What the task requires: Only an exact repeat of the listing, without its images, counts as the answer.

━━━━━━

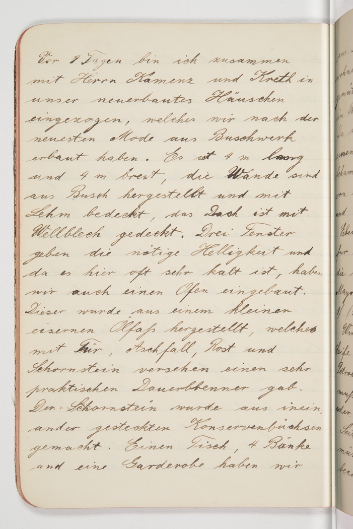 <p>[Page 37]</p><p>Eight days ago, I, along with Mr Kamenz and Kreth, moved into our newly built cabin, built in the latest fashion from bushes. It is 4m long and 4m wide, the walls are made from bush and covered with mud, the roof is covered with corrugated iron. Three windows provide the necessary light and because it is often so cold here, we have also installed a stove. It was made from a small iron oil barrel, and by adding a door, ash drop, grid and flue we got ourselves a very handy heater. The flue was fashioned from tins that were fitted together. We made a table, 4 benches and a dresser</p>
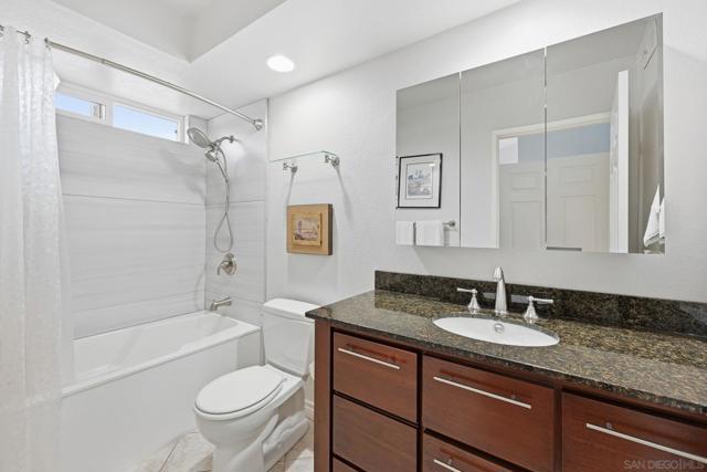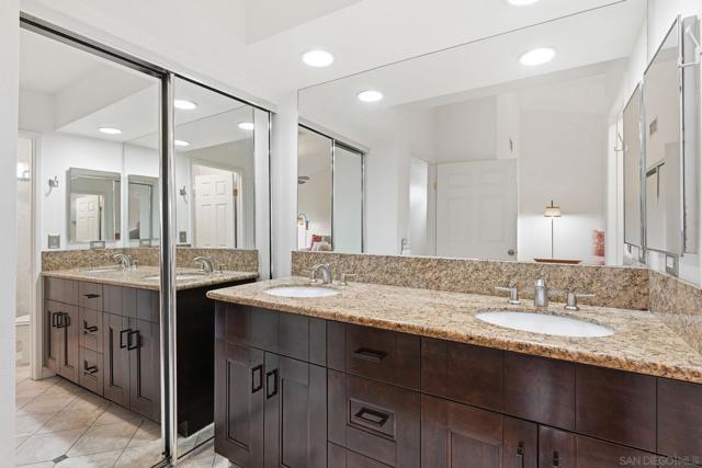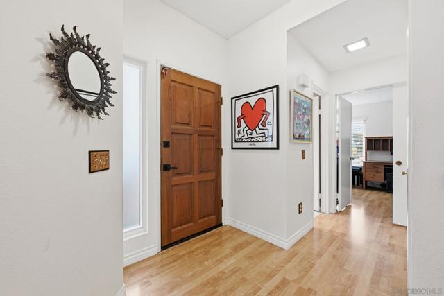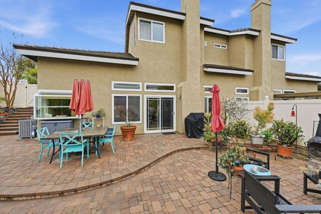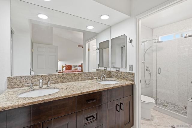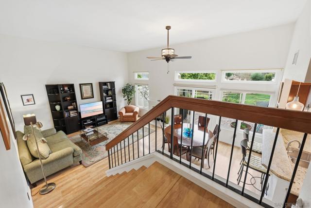 This immaculate two-story home is located in the highly desirable Westwood neighborhood of Rancho Bernardo. Low HOA and No Mello-Roos! Ideally situated with a neighborhood park right across the street, you’ll enjoy peaceful walking trails and beautiful mountain views just steps from your front door. Residents also have access to the Westwood Club, featuring a large pool and spa, gym, tennis courts, and expansive sports fields. Inside, tall ceilings in the living room and large windows fill the home with natural light. The open-concept living area is bright and welcoming, with a charming brick fireplace. The kitchen showcases granite countertops and backsplash, a convenient breakfast bar, and an impressive wall of built-in cabinetry complete with wine storage — perfect for entertaining and everyday functionality. A desirable entry-level bedroom and downstairs powder room provide flexibility for guests. Upstairs, both bedrooms feature vaulted ceilings and private ensuite bathrooms, creating spacious and comfortable retreats. The low-maintenance backyard is beautifully designed with gorgeous pavers and mature fruit trees, an inviting space to relax or host gatherings. Located within the award-winning Poway Unified School District and just minutes from easy freeway access, shopping, and dining, this home offers the ideal blend of comfort, convenience, and lifestyle.
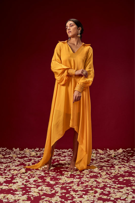 YELLOW MIRROR AND GOTA EMBELLISHED SHARARA SET
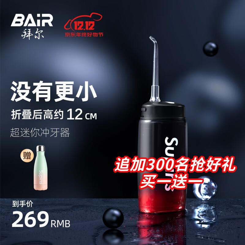 拜尔(BAIR)V2小不点 迷你冲牙器 便携式正畸电动洗牙器家用洁牙水牙线冲洗器 送女男朋友礼物 酷爽黑(4枚原装喷嘴,折叠后约12厘米)价格:329.00元!
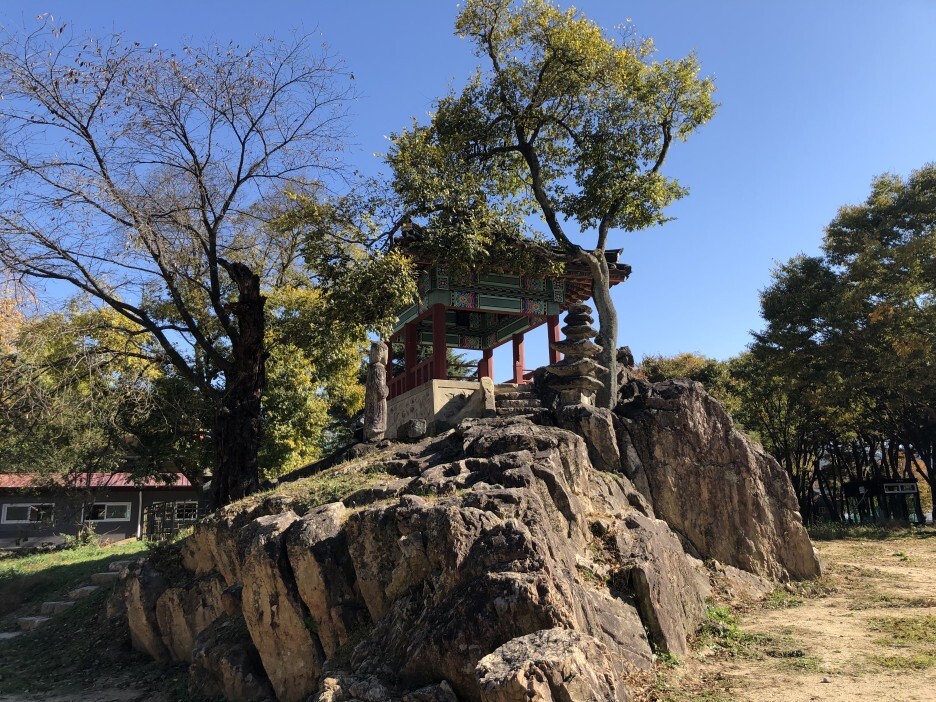 양산팔경 중 가장 아름답다고 손꼽히는 곳으로서 유유히 흐르는 금강가에 우뚝솟은 바위 위에 오롯이 서 있는 육각정자로 멀리서 보면 주변 노송들과 어울려 우아하고 고상한 멋이 흐릅니다.
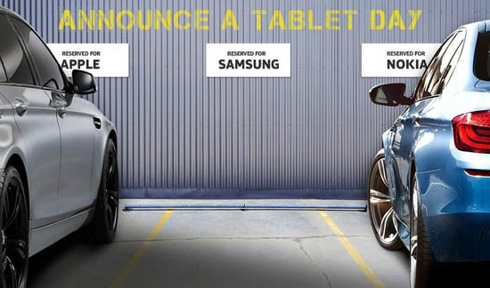 Себя и Apple в Nokia сравнили с дорогими BMW M5, для которых на парковке (то есть на рынке планшетов) зарезервированы широкие, просторные места. Для Samsung же отвели совсем маленький участок, что, вероятно, должно символизировать небольшую долю корейских планшетов.
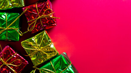 A shiny green, red, and gold wrapped gift boxes with gold strings sits against a red background. Christmas, holiday celebrations or sales events. Copy space for text.
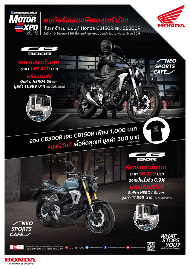 Honda CB300R จองในงานราคาพิเศษ 149,800 บาท และ Honda CB150R ราคาพิเศษในงานเพียง 96,900 บาท ดอกเบี้ยเริ่มต้น 0.9% พร้อมรับทันทีกล้อง GoPro Hero 4 Silver มูลค่า 11,999 บาท นอกจากนี้ใช้เงินจองเพียง 1,000 บาท รับเสื้อสุดคูลมูลค่า 300 บาท เรียกว่างานนี้ได้สัมผัสครบทุกรุ่น ทั้งรถใหญ่ไปจนถึงรถเล็กสเปคบิ๊กไบค์ ในบูธ A.P.Honda
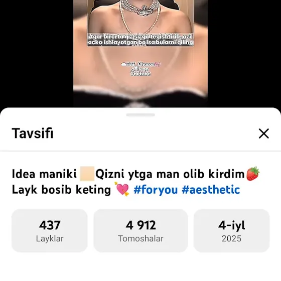 @My_sara.1 Qizni ytga kim olib kirgan ekan?👀 Man bu qizni 4-iyul kuni ob kirganman va yana shu qizni qatnashtirib vid qoʻydim. Siz videoni esa 8-oktyabrda qoʻygansiz. Atm qib qoʻyish esizdan chiqmasin bu qizni judayam yaxshi koʻramanda💕 Yaxshi yomon bop boʻlmaylik dedimda😁✨
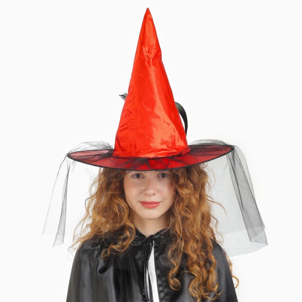 Карнавальная шляпа «Ведьмочка», с фатой, красная
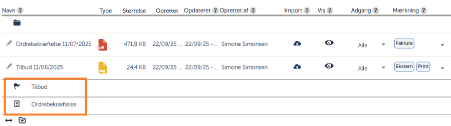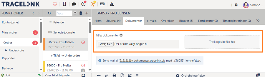 Med Modir slipper du for rodede mapper og manuelle processer. Systemet er bygget til at gøre dokumentstyring enkel, fleksibel og fuldt integreret i dine workflows. Du kan tilføje dokumenter direkte på ordren, og du styrer selv, om dokumenterne skal være synlige eksternt. Det giver dig fuld fleksibilitet til at organisere filer på en måde, der passer til dine processer.
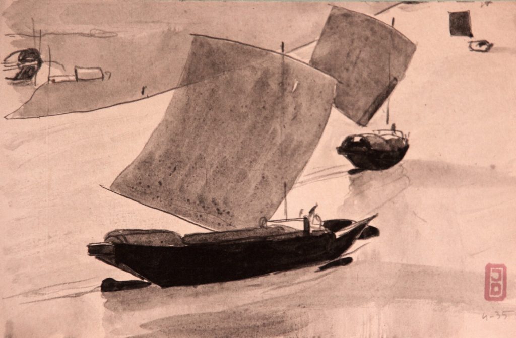 Dessins IndochineMarineTerre Deux bateauxDeux bateauxDimensions : 20X13 cmTechnique : Crayon et aquarelleDate : 1935 ?
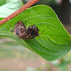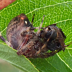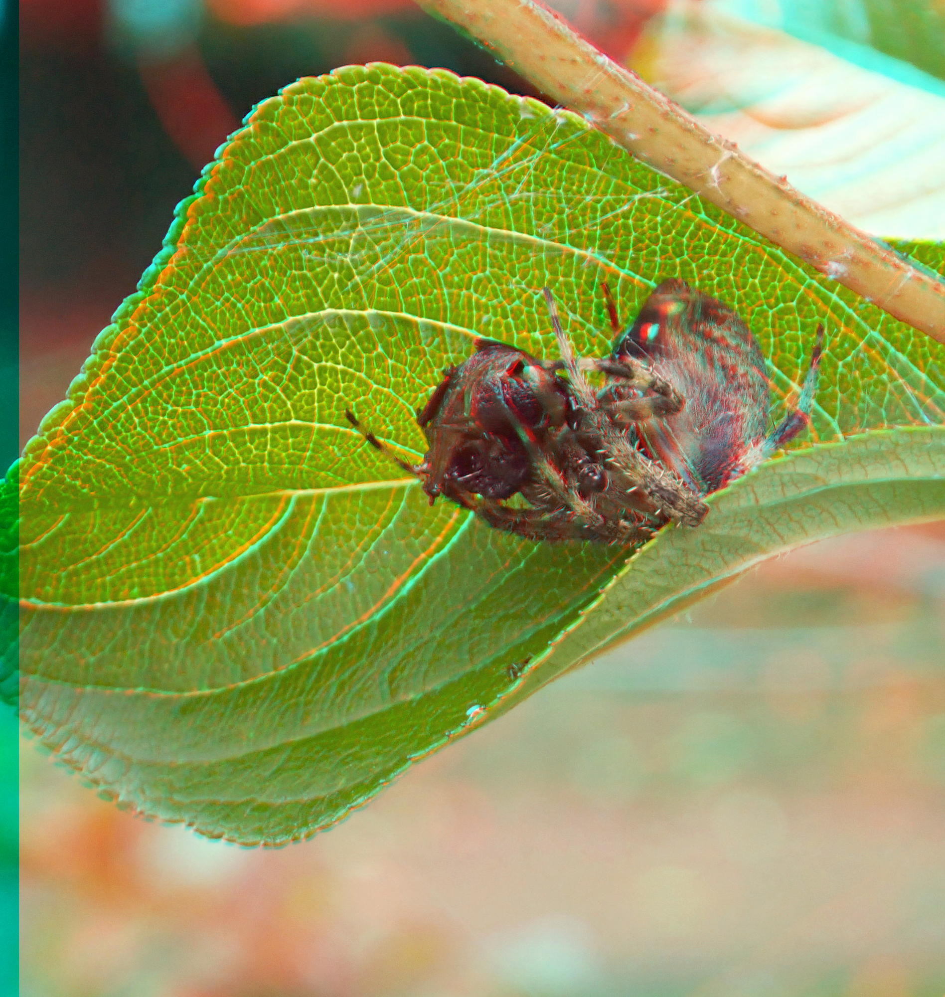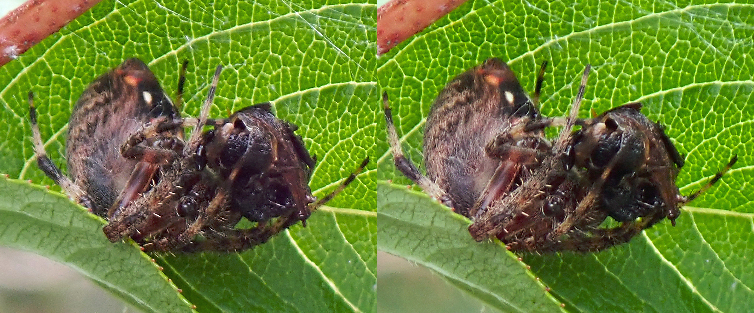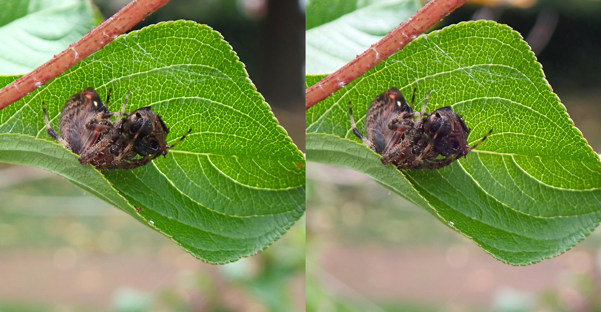 I spotted this big (~.75"/~1.5cm) spider on a beautiful web the other day, when it was windy and I didn’t have a mirror. On errands today, I passed by and found it not in the center of its web like before, but hidden away for a gruesome lunch time. Not sure what this lump of insect flesh on the menu is—perhaps a bumblebee cruelly crushed into a near-sphere—but I hope it didn’t suffer long. This stereo is a bit imperfect in terms of focus, wind, and the spider moving between shots. The anaglyph is flipped to feature the sharper of the original images.

━━━━━━

Answer to this task:
 <p>[Page 37]</p><p>Eight days ago, I, along with Mr Kamenz and Kreth, moved into our newly built cabin, built in the latest fashion from bushes. It is 4m long and 4m wide, the walls are made from bush and covered with mud, the roof is covered with corrugated iron. Three windows provide the necessary light and because it is often so cold here, we have also installed a stove. It was made from a small iron oil barrel, and by adding a door, ash drop, grid and flue we got ourselves a very handy heater. The flue was fashioned from tins that were fitted together. We made a table, 4 benches and a dresser</p>
 This immaculate two-story home is located in the highly desirable Westwood neighborhood of Rancho Bernardo. Low HOA and No Mello-Roos! Ideally situated with a neighborhood park right across the street, you’ll enjoy peaceful walking trails and beautiful mountain views just steps from your front door. Residents also have access to the Westwood Club, featuring a large pool and spa, gym, tennis courts, and expansive sports fields. Inside, tall ceilings in the living room and large windows fill the home with natural light. The open-concept living area is bright and welcoming, with a charming brick fireplace. The kitchen showcases granite countertops and backsplash, a convenient breakfast bar, and an impressive wall of built-in cabinetry complete with wine storage — perfect for entertaining and everyday functionality. A desirable entry-level bedroom and downstairs powder room provide flexibility for guests. Upstairs, both bedrooms feature vaulted ceilings and private ensuite bathrooms, creating spacious and comfortable retreats. The low-maintenance backyard is beautifully designed with gorgeous pavers and mature fruit trees, an inviting space to relax or host gatherings. Located within the award-winning Poway Unified School District and just minutes from easy freeway access, shopping, and dining, this home offers the ideal blend of comfort, convenience, and lifestyle.
 YELLOW MIRROR AND GOTA EMBELLISHED SHARARA SET
 拜尔(BAIR)V2小不点 迷你冲牙器 便携式正畸电动洗牙器家用洁牙水牙线冲洗器 送女男朋友礼物 酷爽黑(4枚原装喷嘴,折叠后约12厘米)价格:329.00元!
 양산팔경 중 가장 아름답다고 손꼽히는 곳으로서 유유히 흐르는 금강가에 우뚝솟은 바위 위에 오롯이 서 있는 육각정자로 멀리서 보면 주변 노송들과 어울려 우아하고 고상한 멋이 흐릅니다.
 Себя и Apple в Nokia сравнили с дорогими BMW M5, для которых на парковке (то есть на рынке планшетов) зарезервированы широкие, просторные места. Для Samsung же отвели совсем маленький участок, что, вероятно, должно символизировать небольшую долю корейских планшетов.
 A shiny green, red, and gold wrapped gift boxes with gold strings sits against a red background. Christmas, holiday celebrations or sales events. Copy space for text.
 Honda CB300R จองในงานราคาพิเศษ 149,800 บาท และ Honda CB150R ราคาพิเศษในงานเพียง 96,900 บาท ดอกเบี้ยเริ่มต้น 0.9% พร้อมรับทันทีกล้อง GoPro Hero 4 Silver มูลค่า 11,999 บาท นอกจากนี้ใช้เงินจองเพียง 1,000 บาท รับเสื้อสุดคูลมูลค่า 300 บาท เรียกว่างานนี้ได้สัมผัสครบทุกรุ่น ทั้งรถใหญ่ไปจนถึงรถเล็กสเปคบิ๊กไบค์ ในบูธ A.P.Honda
 @My_sara.1 Qizni ytga kim olib kirgan ekan?👀 Man bu qizni 4-iyul kuni ob kirganman va yana shu qizni qatnashtirib vid qoʻydim. Siz videoni esa 8-oktyabrda qoʻygansiz. Atm qib qoʻyish esizdan chiqmasin bu qizni judayam yaxshi koʻramanda💕 Yaxshi yomon bop boʻlmaylik dedimda😁✨
 Карнавальная шляпа «Ведьмочка», с фатой, красная
 Med Modir slipper du for rodede mapper og manuelle processer. Systemet er bygget til at gøre dokumentstyring enkel, fleksibel og fuldt integreret i dine workflows. Du kan tilføje dokumenter direkte på ordren, og du styrer selv, om dokumenterne skal være synlige eksternt. Det giver dig fuld fleksibilitet til at organisere filer på en måde, der passer til dine processer.
 Dessins IndochineMarineTerre Deux bateauxDeux bateauxDimensions : 20X13 cmTechnique : Crayon et aquarelleDate : 1935 ?
 I spotted this big (~.75"/~1.5cm) spider on a beautiful web the other day, when it was windy and I didn’t have a mirror. On errands today, I passed by and found it not in the center of its web like before, but hidden away for a gruesome lunch time. Not sure what this lump of insect flesh on the menu is—perhaps a bumblebee cruelly crushed into a near-sphere—but I hope it didn’t suffer long. This stereo is a bit imperfect in terms of focus, wind, and the spider moving between shots. The anaglyph is flipped to feature the sharper of the original images.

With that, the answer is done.